The feelings which arose in Wakefield's mind would have induced him to resist Mr. Ireby's decision; but every Englishman has a tolerably accurate sense of law and justice, and John Fleecebumpkin, the bailiff, having acknowledged that he had exceeded his commission, Wakefield saw nothing else for it than to collect his hungry and disappointed charge, and drive them on to seek quarters elsewhere. Robin Oig saw what had happened with regret, and hastened to offer to his English friend to share with him the disputed possession. But Wakefield's pride was severely hurt, and he answered disdainfully, 'Take it all, man—take it all; never make two bites of a cherry. Thou canst talk over the gentry, and blear a plain man's eye. Out upon you, man. I would not kiss any man's dirty latchets for leave to bake in his oven.'

Robin Oig, sorry but not surprised at his comrade's displeasure, hastened to entreat his friend to wait but an hour till he had gone to the Squire's house to receive payment for the cattle he had sold, and he would come back and help him to drive the cattle into some convenient place of rest, and explain to him the whole mistake they had both of them fallen into. But the Englishman continued indignant: 'Thou hast been selling, hast thou? Ay, ay; thou is a cunning lad for kenning the hours of bargaining. Go to the devil with thyself, for I will ne'er see thy fause loon's visage again—thou should be ashamed to look me in the face.'

'I am ashamed to look no man in the face,' said Robin Oig, something moved; 'and, moreover, I will look you in the face this blessed day, if you will bide at the Clachan down yonder.'

'Mayhap you had as well keep away,' said his comrade; and turning his back on his former friend, he collected his unwilling associates, assisted by the bailiff, who took some real and some affected interest in seeing Wakefield accommodated.

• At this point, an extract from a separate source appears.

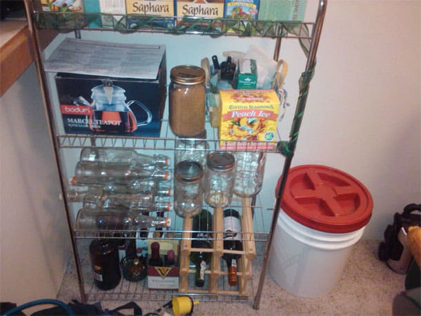 “This was once a rack full of tea. Now it has some pre-mixed tea left, but for the most part I make my own tea blends with herbs from scratch (I’m in love with my chai recipe). I’ve started using it to store extra Grosch bottles, mason jars, and to the right you’ll see one of my many 5 gallon buckets (color-coded of course) with bulk food storage. This one has pink Himalayan salt in it. I also have some natural flour and bread flour ones hidden behind some comfy chairs in my living room… always a wonderful conversation piece!”

After spending some time in negotiating with more than one of the neighbouring farmers, who could not, or would not, afford the accommodation desired, Henry Wakefield at last, and in his necessity, accomplished his point by means of the landlord of the alehouse at which Robin Oig and he had agreed to pass the night, when they first separated from each other. Mine host was content to let him turn his cattle on a piece of barren moor, at a price little less than the bailiff had asked for the disputed enclosure; and the wretchedness of the pasture, as well as the price paid for it, were set down as exaggerations of the breach of faith and friendship of his Scottish crony. This turn of Wakefield's passions was encouraged by the bailiff, (who had his own reasons for being offended against poor Robin, as having been the unwitting cause of his falling into disgrace with his master), as well as by the innkeeper, and two or three chance guests, who stimulated the drover in his resentment against his quondam associate—some from the ancient grudge against the Scots, which, when it exists anywhere, is to be found lurking in the Border counties, and some from the general love of mischief, which characterises mankind in all ranks of life, to the honour of Adam's children be it spoken. Good John Barleycorn also, who always heightens and exaggerates the prevailing passions, be they angry or kindly, was not wanting in his offices on this occasion, and confusion to false friends and hard masters was pledged in more than one tankard.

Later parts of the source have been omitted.